*** Opening of STUDY MATERIAL ***
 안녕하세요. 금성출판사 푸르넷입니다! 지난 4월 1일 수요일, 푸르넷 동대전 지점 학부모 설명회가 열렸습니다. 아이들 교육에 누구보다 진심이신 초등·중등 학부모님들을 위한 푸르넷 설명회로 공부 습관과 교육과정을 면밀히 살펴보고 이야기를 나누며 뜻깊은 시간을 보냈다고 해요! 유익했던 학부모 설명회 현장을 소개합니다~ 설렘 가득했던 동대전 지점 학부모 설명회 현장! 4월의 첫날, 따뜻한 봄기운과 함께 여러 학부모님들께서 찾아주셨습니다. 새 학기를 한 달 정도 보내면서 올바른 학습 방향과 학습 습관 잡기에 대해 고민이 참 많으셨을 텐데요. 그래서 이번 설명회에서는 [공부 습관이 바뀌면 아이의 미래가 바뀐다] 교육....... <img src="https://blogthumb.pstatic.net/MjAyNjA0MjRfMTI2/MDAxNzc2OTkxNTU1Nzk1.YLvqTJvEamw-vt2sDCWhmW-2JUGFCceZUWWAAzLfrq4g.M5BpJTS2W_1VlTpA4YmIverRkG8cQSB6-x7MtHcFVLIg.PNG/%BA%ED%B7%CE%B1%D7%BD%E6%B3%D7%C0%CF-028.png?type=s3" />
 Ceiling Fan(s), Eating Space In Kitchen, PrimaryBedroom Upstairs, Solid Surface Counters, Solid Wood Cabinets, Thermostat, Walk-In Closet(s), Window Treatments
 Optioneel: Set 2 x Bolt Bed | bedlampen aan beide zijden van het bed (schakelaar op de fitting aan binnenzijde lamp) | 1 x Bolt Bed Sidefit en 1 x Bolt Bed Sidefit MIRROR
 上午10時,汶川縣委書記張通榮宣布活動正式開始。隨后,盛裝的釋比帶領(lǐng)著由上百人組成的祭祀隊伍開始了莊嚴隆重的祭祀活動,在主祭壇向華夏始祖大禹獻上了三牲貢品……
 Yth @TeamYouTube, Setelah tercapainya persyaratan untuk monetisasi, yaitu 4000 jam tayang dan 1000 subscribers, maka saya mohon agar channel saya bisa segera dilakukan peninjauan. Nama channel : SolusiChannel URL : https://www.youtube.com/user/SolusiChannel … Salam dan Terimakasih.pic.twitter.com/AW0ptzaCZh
*** Close of STUDY MATERIAL ***
*** Opening of STUDY MATERIAL ***
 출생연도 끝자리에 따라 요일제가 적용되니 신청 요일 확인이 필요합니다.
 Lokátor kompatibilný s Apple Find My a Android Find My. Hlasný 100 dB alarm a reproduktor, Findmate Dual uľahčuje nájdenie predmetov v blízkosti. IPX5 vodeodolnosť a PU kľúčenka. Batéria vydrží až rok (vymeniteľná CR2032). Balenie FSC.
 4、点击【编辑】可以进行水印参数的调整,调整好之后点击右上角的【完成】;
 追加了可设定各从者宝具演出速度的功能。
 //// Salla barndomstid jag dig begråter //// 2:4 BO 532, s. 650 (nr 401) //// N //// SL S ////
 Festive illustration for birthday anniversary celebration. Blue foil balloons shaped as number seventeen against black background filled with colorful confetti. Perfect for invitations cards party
*** Close of STUDY MATERIAL ***
*** Opening of STUDY MATERIAL ***
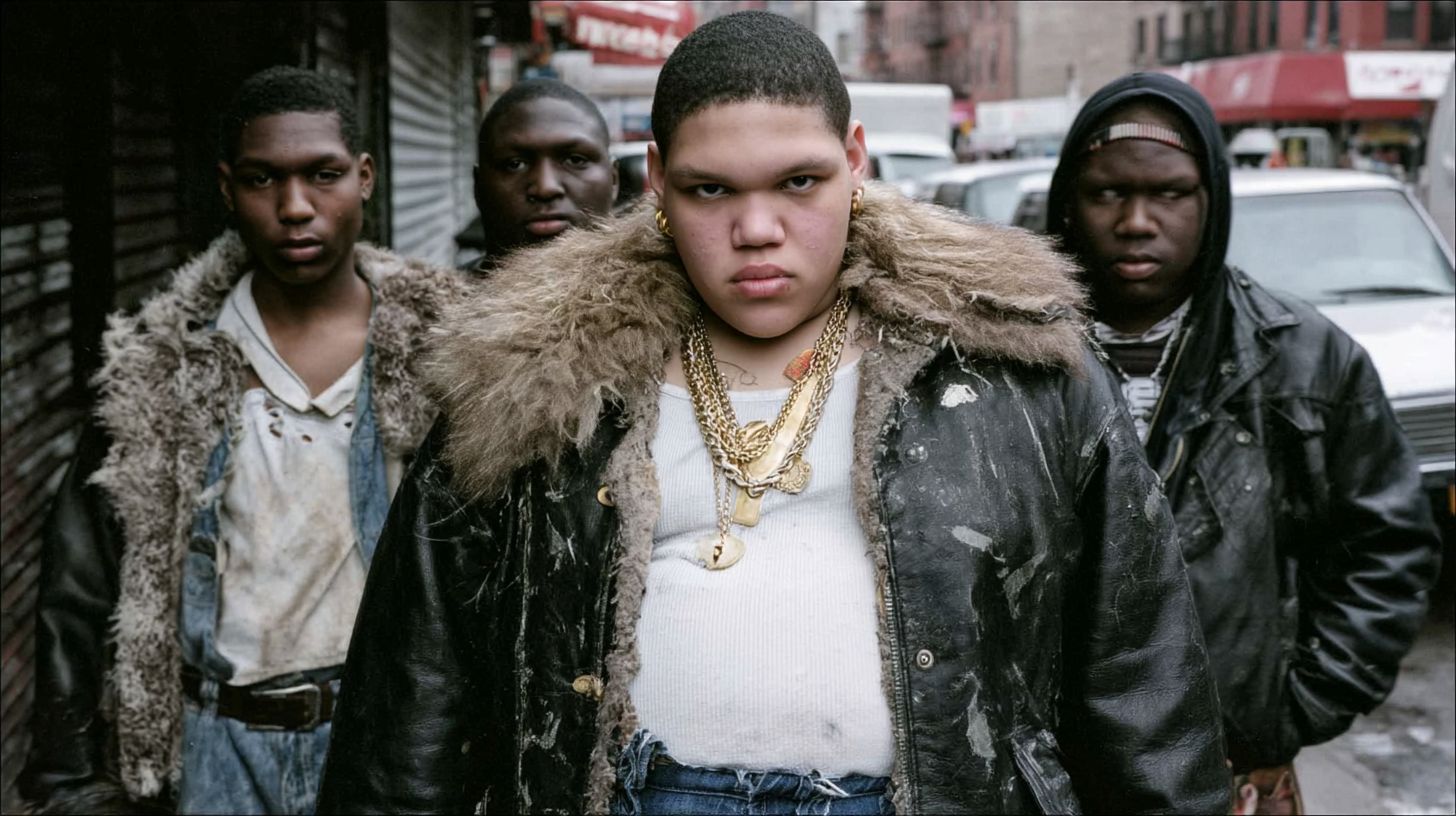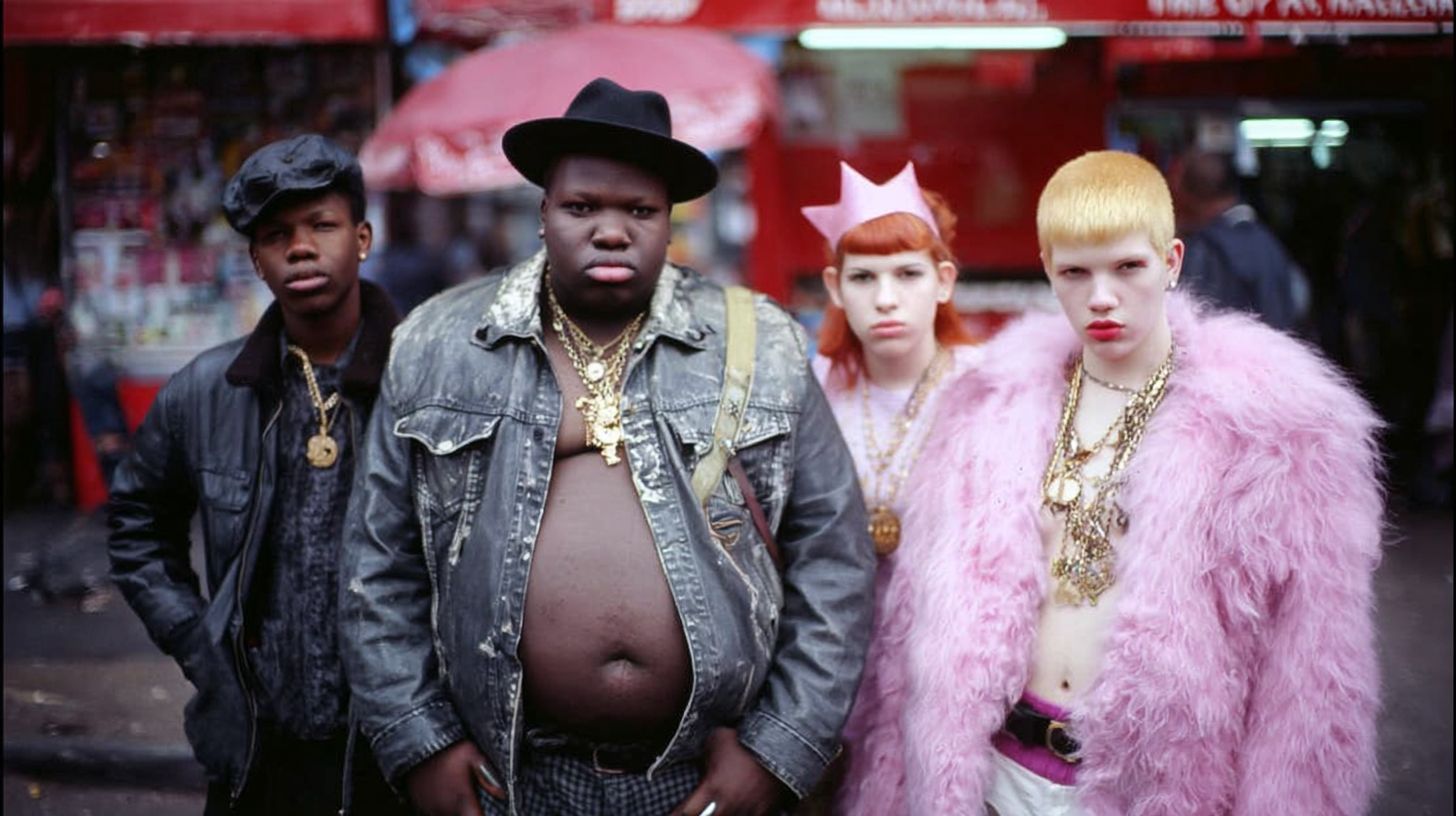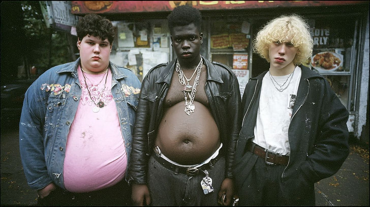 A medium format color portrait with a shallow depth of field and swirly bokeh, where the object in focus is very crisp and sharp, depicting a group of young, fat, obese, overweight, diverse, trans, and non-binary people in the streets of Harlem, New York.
*** Close of STUDY MATERIAL ***
§ **WHAT YOU ARE ASKED TO DO**: All that belongs in the answer is the run of lines above from the line containing "401) //// N //// SL S ////" through the line containing "Festive illustration for", exactly as written.

§ **FINAL ANSWER**:
 //// Salla barndomstid jag dig begråter //// 2:4 BO 532, s. 650 (nr 401) //// N //// SL S ////
 Festive illustration for birthday anniversary celebration. Blue foil balloons shaped as number seventeen against black background filled with colorful confetti. Perfect for invitations cards party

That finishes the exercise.